The name of this blog, Rainbow Juice, is intentional.
The rainbow signifies unity from diversity. It is holistic. The arch suggests the idea of looking at the over-arching concepts: the big picture. To create a rainbow requires air, fire (the sun) and water (raindrops) and us to see it from the earth.
Juice suggests an extract; hence rainbow juice is extracting the elements from the rainbow, translating them and making them accessible to us. Juice also refreshes us and here it symbolises our nutritional quest for understanding, compassion and enlightenment.

Tuesday 16 September 2014

Bias and Prejudice

In Pride and Prejudice Jane Austen notes that “angry people are not always wise.”  How true that is.  Our personal prejudices often get in the way of wisdom, and often, too, get in the way of common courtesy and humanity.

The word prejudice gives away its insidious aspect quite clearly – pre judgement.  Therein is the problem with prejudice.  A judgement is made before the facts, the ideas or the character of someone is known.  We come to an opinion of, or a conclusion about, something or someone before we know the full circumstances, sometimes even before we know any of the circumstances.

Prejudice is usually a judgement made towards someone else, it is a desire on our part to reject, take offense at or disrespect someone else.  The other may be of a differing cultural background to our own, they may have a different skin colour, they may believe differently, they may be afflicted by a disability, they may be of a different nationality, they may be of the opposite sex, they may be younger or older than us.  The difference could be any number of things. 

When we assume the belief, understanding or characteristic of the other person to be inherently inferior to our own then we are pre-judging – we are prejudiced.

Does this mean that we should do away with our own views, beliefs or cultural norms?  Not at all.  In fact, we can still value, embrace and celebrate our personal or collective identity.  We can, if you like, be biased.


Bias is sometimes considered as a synonym for prejudice.  However, this is not necessarily a useful way of thinking of the word.  The word derives from old Latin and seems to have originally meant “on a lean, aslant or oblique to.”  Within that understanding there is the sense of a "leaning towards" something.  It was not until the 16th century that the association with prejudice came into the English language.

Dictionary definitions often add notions of favouritism or partiality to that of bias.  Thus, bias can be thought of as judgement that is towards ourselves.  Our bias is that we feel comfortable with ourselves or identify with our culture.

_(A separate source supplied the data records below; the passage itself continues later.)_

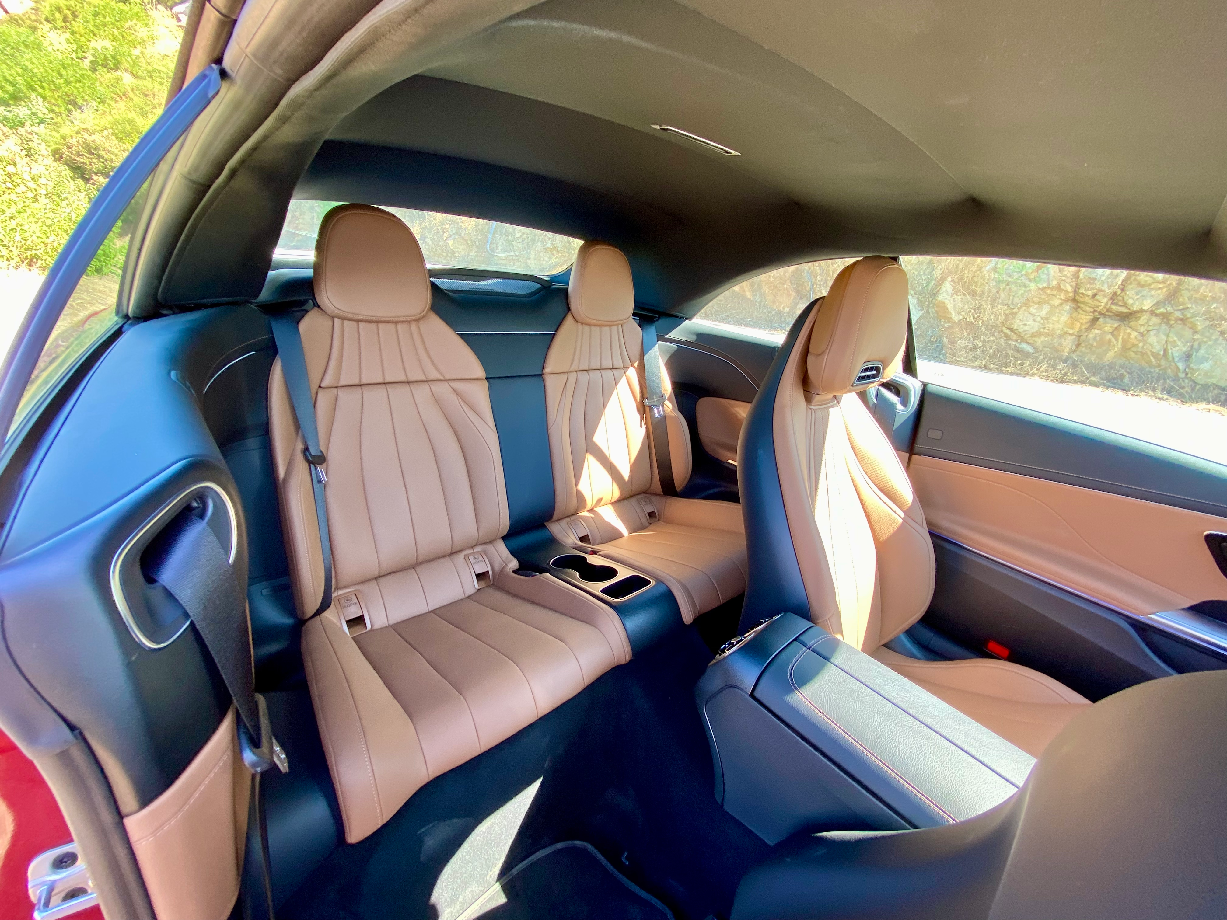 The CLE Cabriolet replaces both the C- and E-Class convertibles in the Mercedes-Benz lineup. Though it has a slightly shorter wheelbase than the E-Class cabrio, it's slightly longer than both outgoing cars. That means the CLE Cabriolet is the largest vehicle in its class, and it has two potentially usable rear seats as long as front seat occupants scoot up and/or rear seat passengers are shorter. The trunk space is compromised by the folding roof and small trunk aperture, but there's enough space and flexibility with the standard split folding rear seatbacks to carry what you need. Is it enough for a family of four to take on a weekend road trip? Probably not, but three will do just fine with some balancing of cargo space and seating capacity. The front seats enjoy heaps of space in virtually every dimension from legroom to headroom to shoulder room to manspreading room, the CLE is seriously spacious up front.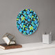 A chic Wall Clock with a quirky Blue Moons pattern in Aqua, Turquoise, Emerald Green, Neon Green and Dazzling Blue on a black background. Part of the Posh & Painterly 'Blue Moons' collection.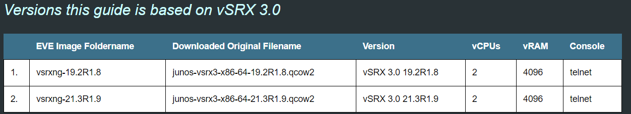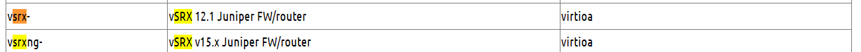 | vsrxng- | vSRX v15.x Juniper FW/router | virtioa |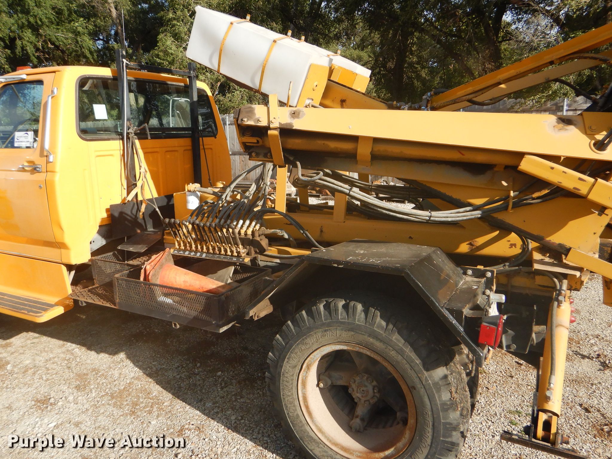 1991 Ford F600 truck with Vermeer tree spade. 53,309 miles on odometer, 6.1L V8 gas engine, Five speed manual transmission, Heat, PTO, 1998 Vermeer TS50M tree spade 48" to 52" ball diameter, 48" ball depth, 1,900 lbs tree ball weight, 5" recommended trunk diameter, Hydraulic fore/aft, Hydraulic side shift, (2) hydraulic outriggers, Serial 1VR0160S6W1000764, Spring suspension, Hydraulic brakes, 8.25-20 tires, Hydraulic hose will be fixed prior to auction. Kansas title. 1FDNF60H9MVA13346. City of Salina. 700 Sunset Dr. Salina, KS 67401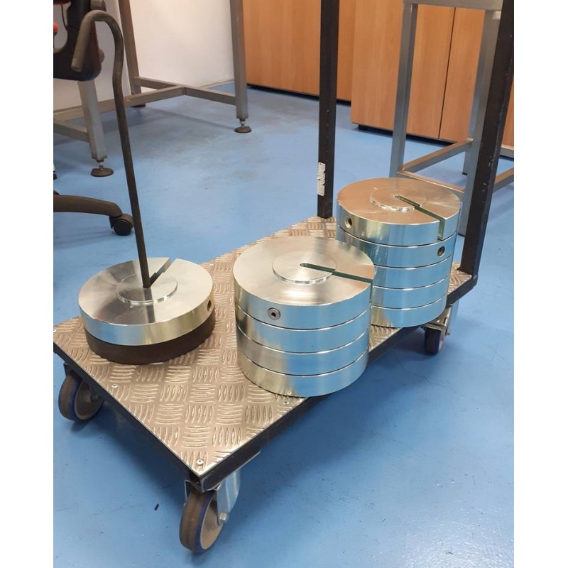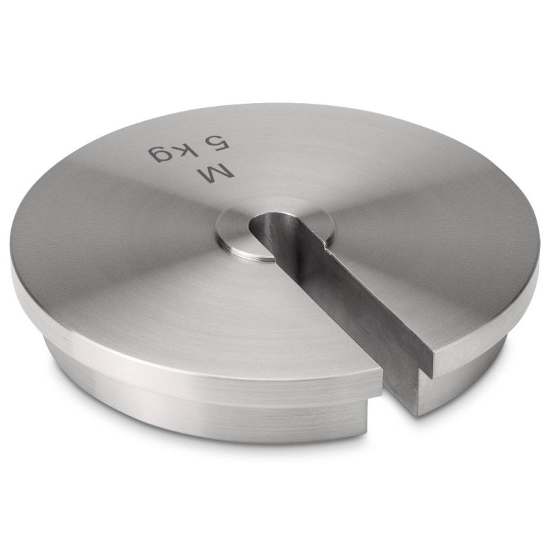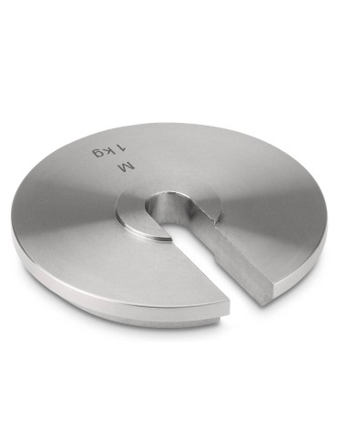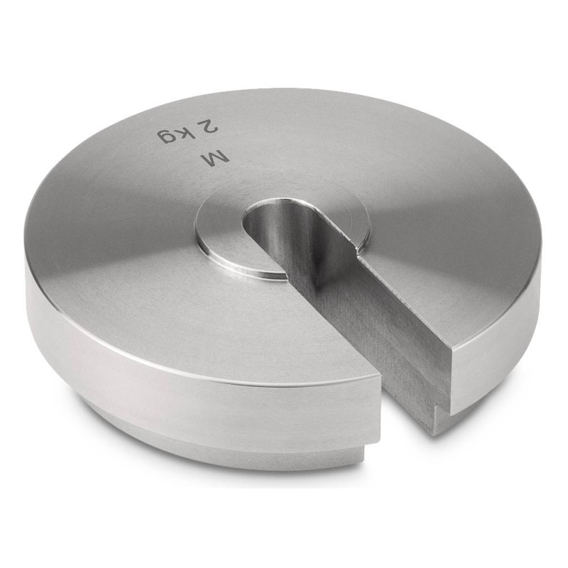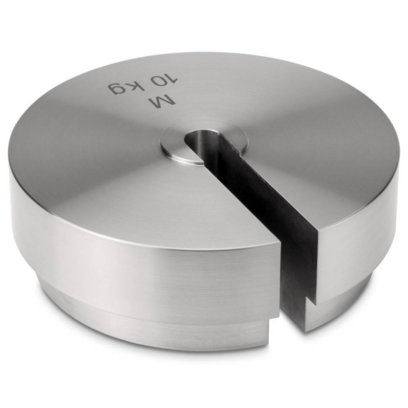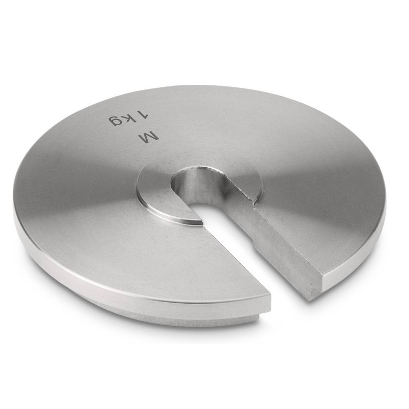 Masse campione a disco con asola e incavo per posizionamento su asta porta pesi. Complete di Certificato di taratura DakkS ISO/IEC 17025 classe di precisione OIML M1. Indispensabili per la taratura di dinamometri, nella metrologia tecnica, in applicazioni industriali e ovunque non sia possibile utilizzare una classica massa cilindrica. Sia l'asta che la singola massa sono certificate.
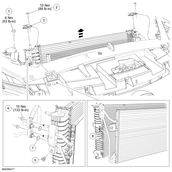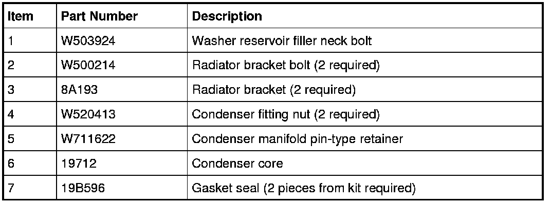 9. Detach the 2 condenser core retaining clips and detach the condenser core from the radiator.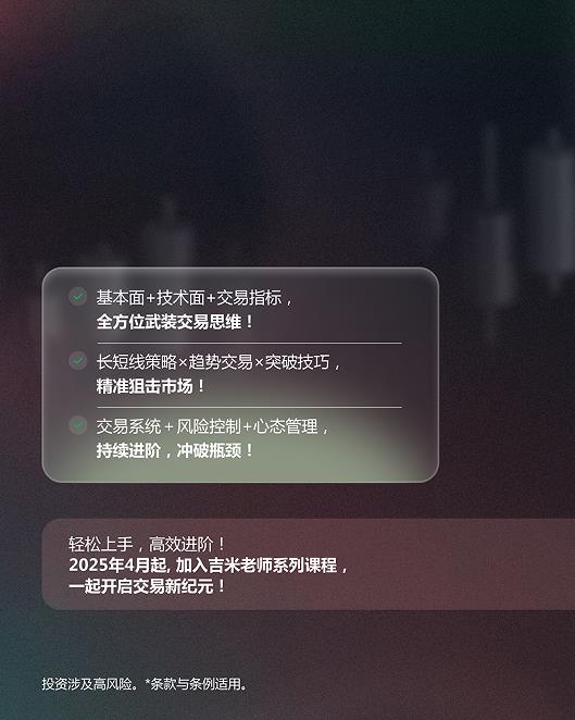 4月起,吉米老師將為交易初學者打造系統化學習路徑,從最基礎的知識入手,逐步培養你的交易能力,助你邁向交易高手之路。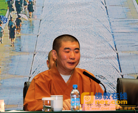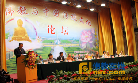 中国佛教协会副会长、大连横山寺方丈湛如法师就“佛教与中国传统文化论坛”作了讲话,他说释迦牟尼佛时代是一个人类文明的特殊时代,涌现出了一大批的宗教家、哲学家、思想家等诸圣人,如老子、庄子、孔子、孟子,佛教的“缘起性空”思想与中国传统文化思想的结合,形成了具有清明、朗照、宁净等特点的“中华民族精神气质”,必将会在二十一世纪东方文明中发挥着重要作用。他讲到佛教著名的大译经师玄奘大师取经往返17年归国是真正的“海归”,为中国的佛教的发展做出了巨大贡献,鲁迅先生称之为“民族的脊梁”。佛教对中国书法、绘画、诗歌文学、建筑、音乐、舞蹈等都产生巨大影响,因此我们今天弘扬传统文化离不开佛教文化。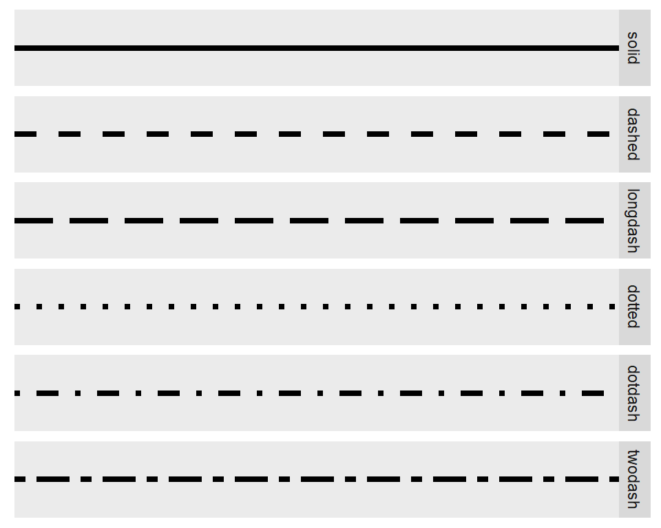 使用特定线的类型时,需声明linetype=线类型的名称或对应的序号。1对应”solid”,2对应”dashed”,依此类推。我们也可以设定线的类型根据变量的值而改变,此时需声明linetype=变量名称。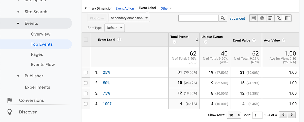 On this view, you can see all the number of events triggered for each percentage of scroll tracking.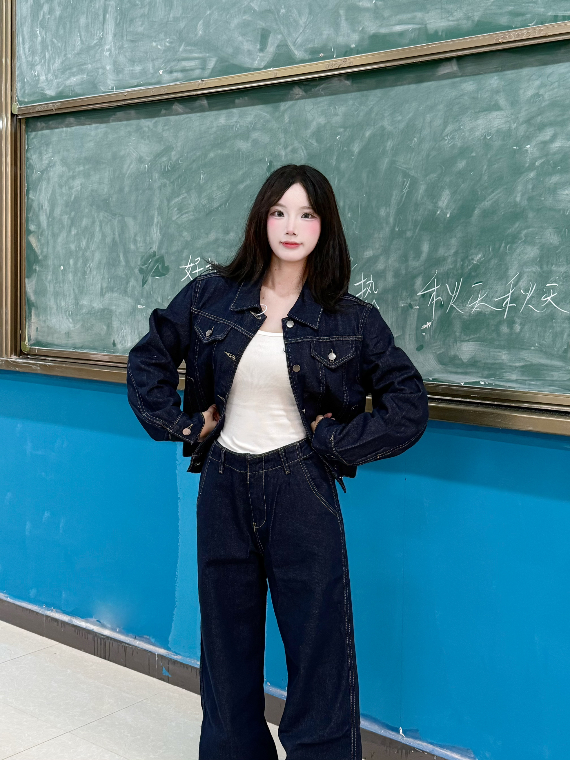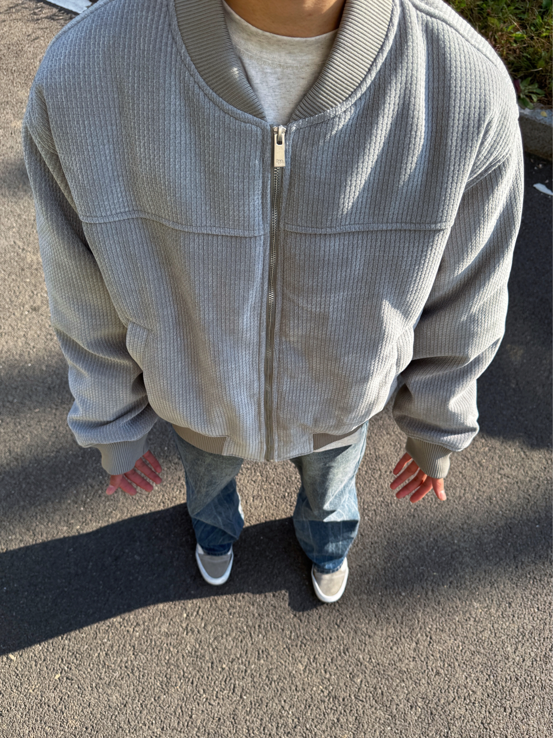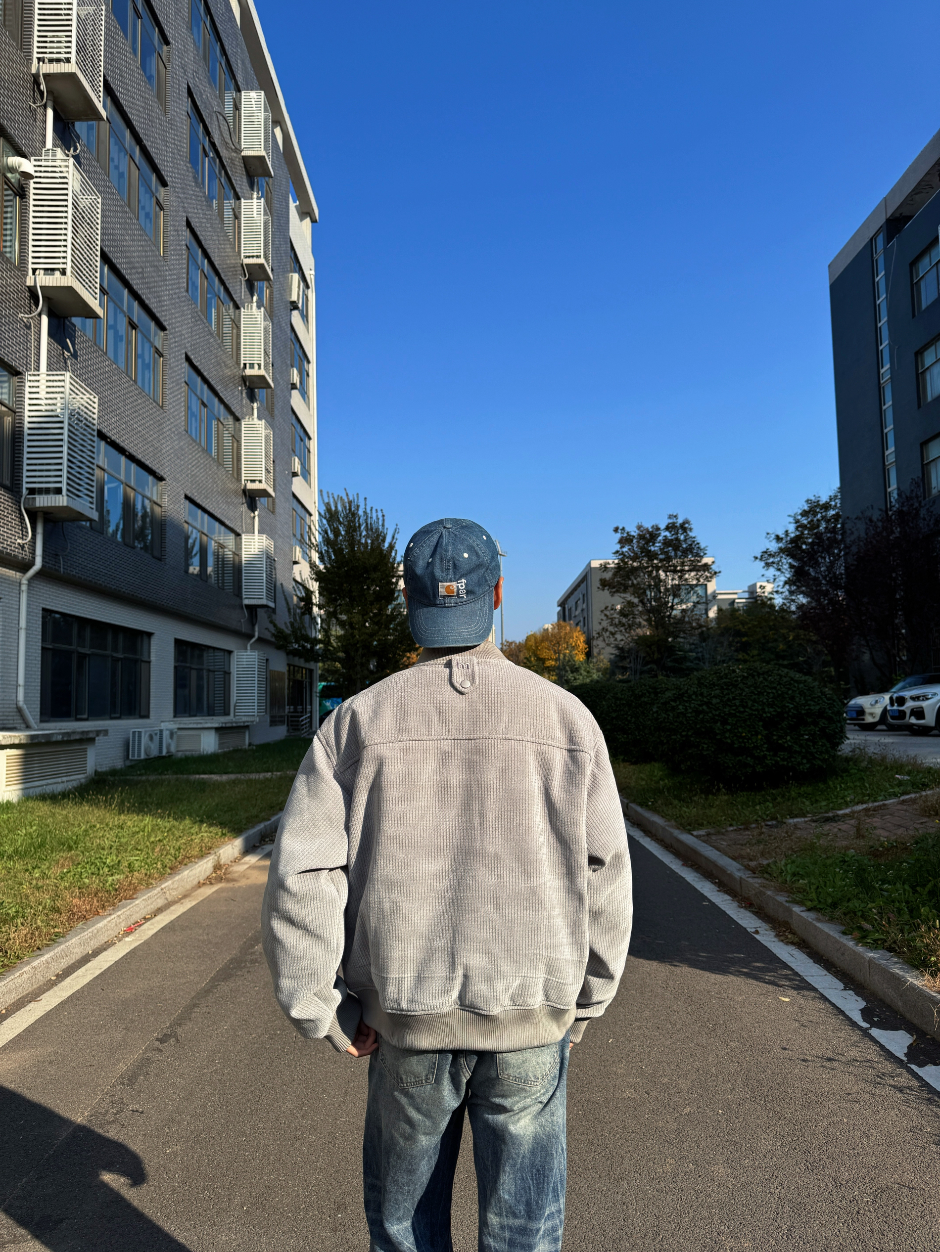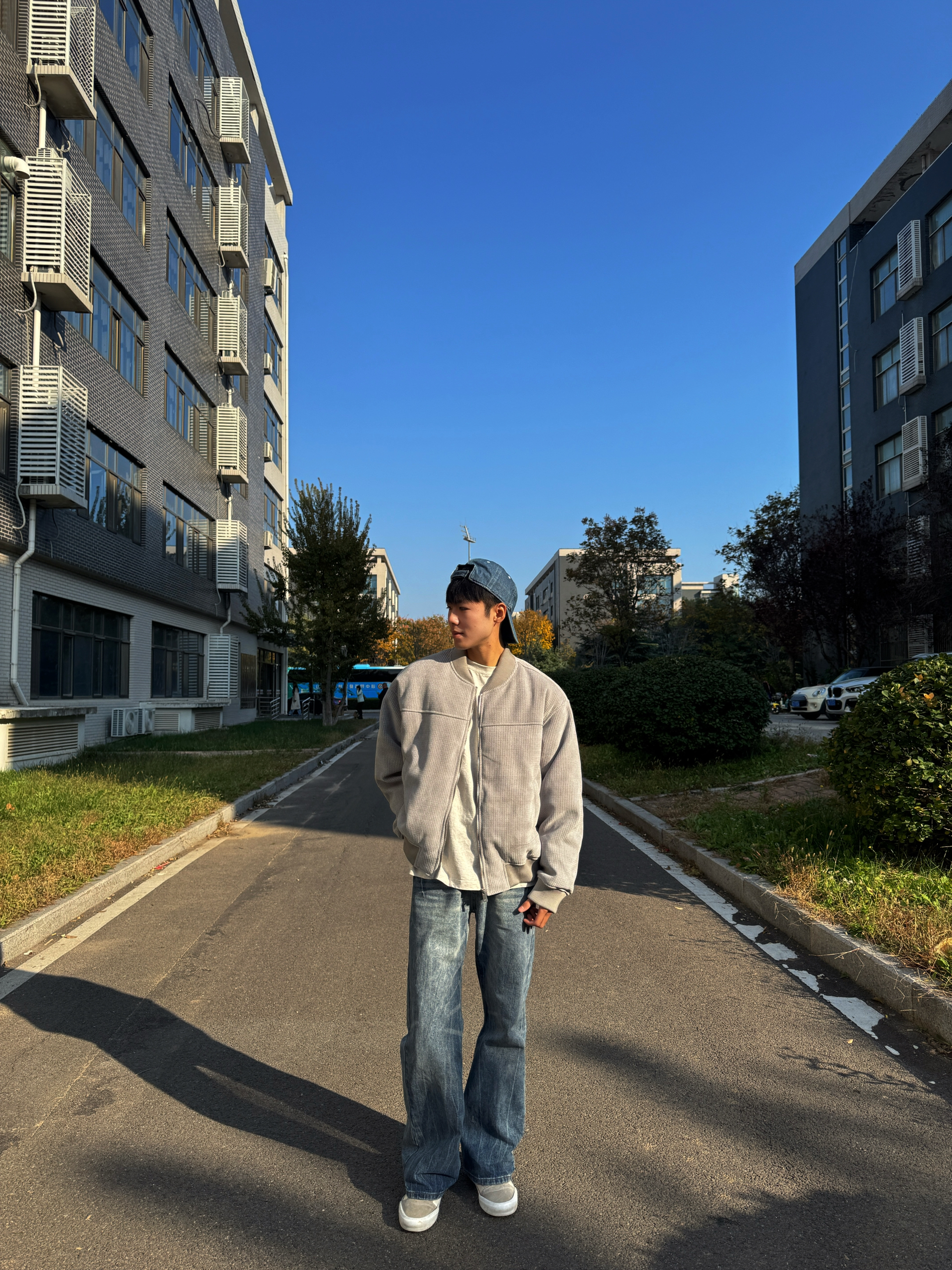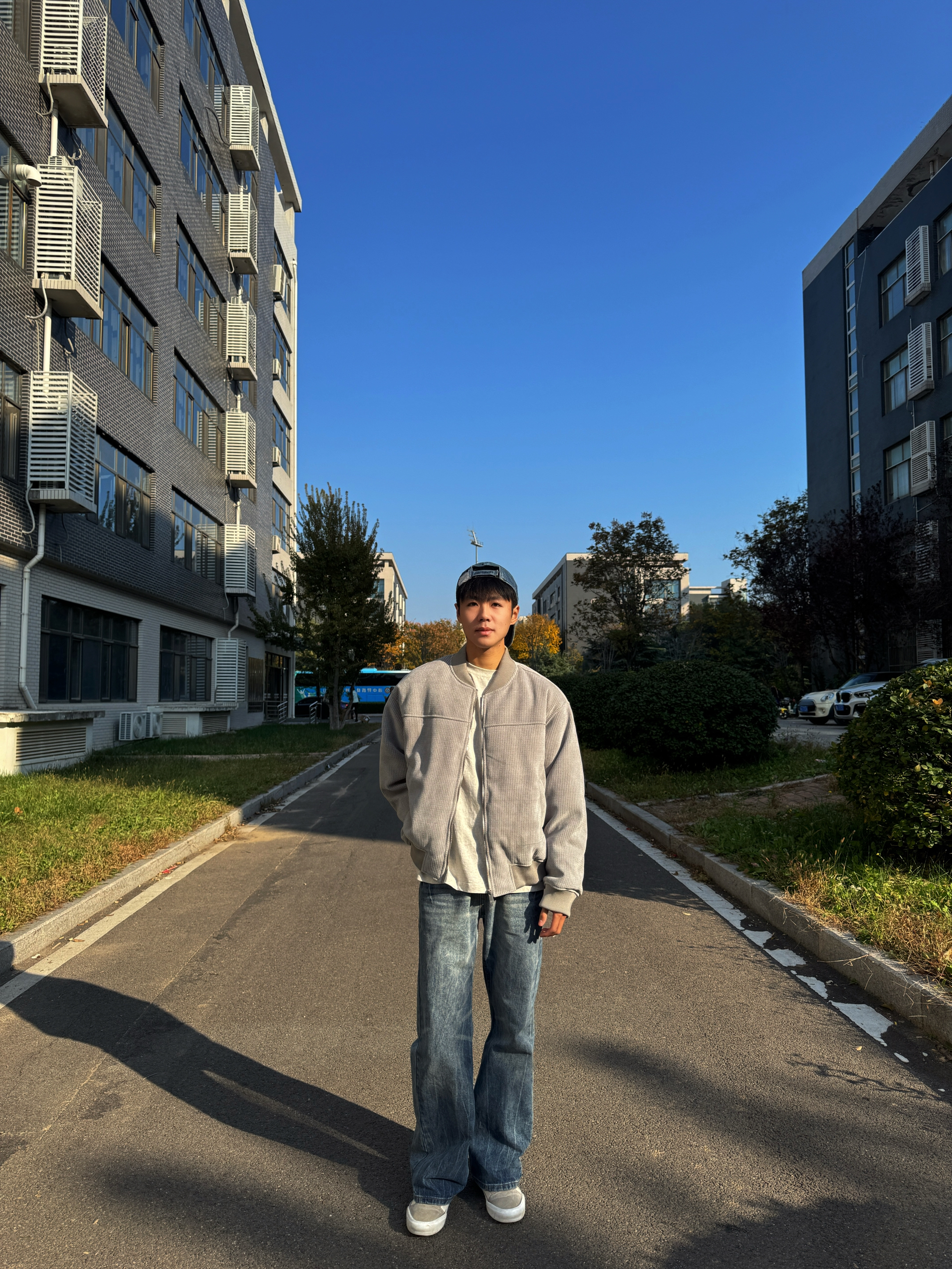 这穿搭看着也太舒服了吧! 浅灰色灯芯绒夹克+宽松牛仔裤的组合,松弛感直接拉满,配色清爽又日常,很有校园里那种随性的少年感~背景的蓝天和建筑也很干净,整体氛围特别舒服自然

Being comfortable towards our cultural heritage or who we are does not mean that we are automatically prejudiced against another’s cultural background or identity.

So, we can be biased but not prejudiced. 

We already have a word for negatively stereotyping another because of their culture or identity – prejudice.  We need a word for being content with, happy with and comfortable in our culture or identity.  Why not the word bias?

Bias and Prejudice.  We can be biased, but we do not need to be prejudiced.  Anne Wilson Schaef said it best in the epigraph to her ground-breaking book “Women’s Reality”
“It is not necessary to deny another’s reality in order to affirm your own.”